Using a conservative clustering resolution (0.2), the integrated UMAP identified 13 clusters of cells (Fig. 1A), allowing visualization of the cellular distribution in 2-dimensional space with respect to experimental dataset (Fig. 1B, Suppl. Fig. 4), time-point (Fig. 1C) and knock-out genotype (Fig. 1D). These UMAPs show some variation that is to be expected with the noted differences in study design, but good overall integration of the datasets. At the chosen clustering resolution, SMC formed three cellular populations, including quiescent differentiated SMC expressing Myh11 and Cnn1, osteochondrogenic “chondromyocytes” (CMC) that express chondrocyte genes such as Col2a1 and Acan, as well as a smooth muscle lineage-traced fibroblast-like “fibromyocyte” phenotype marked by expression of Vcam1 and Tnfrsf11b6,18. The remaining cells within the vessel wall, including endothelial cells (EC) and monocyte/macrophages (Macro) clustered separately, with EC and fibroblasts constituting multiple clusters, as described by several groups19,20. We have shown the expression of canonical/known markers for each cell type and identified the top 3 markers in major cell-type clusters (Fig. 1E and 1F).

Figure 1.

Figure 1.

Integration of scRNAseq datasets using reference-based integration.
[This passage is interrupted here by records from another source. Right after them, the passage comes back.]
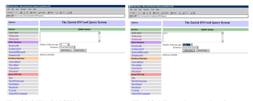
Fig. 20.3 The BNCWeb query system Fig. 20.4 Enter the search string
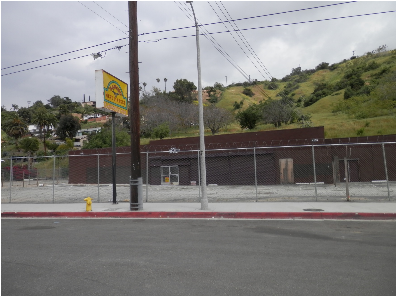
View from across situs at 4208 E Huntington Dr. South
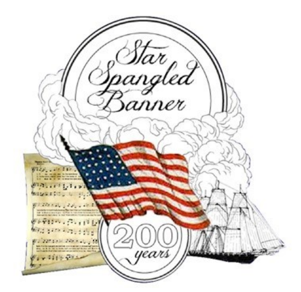
SEAPEX Show Cachet

Please visit our website at www.seapexshow.org for more details.

A) Unsupervised clustering of different transcriptomic datasets using Seurat at resolution 0.2. Data dimensionality reduction and two-dimensional representation is shown by UMAP. Major cell types were annotated manually from the integrated UMAP. B) Dataset distribution of cells over the 2-dimensional UMAP. C) UMAP showing data from different timepoints included in the integrated object. D) UMAP representing gene knockout cells included in the object. E) FeaturePlots showing expression of markers from major cell types. F) DotPlot showing the expression of top three markers from the major cell-type groups, with size of the dot showing percent of cells expressing the markers.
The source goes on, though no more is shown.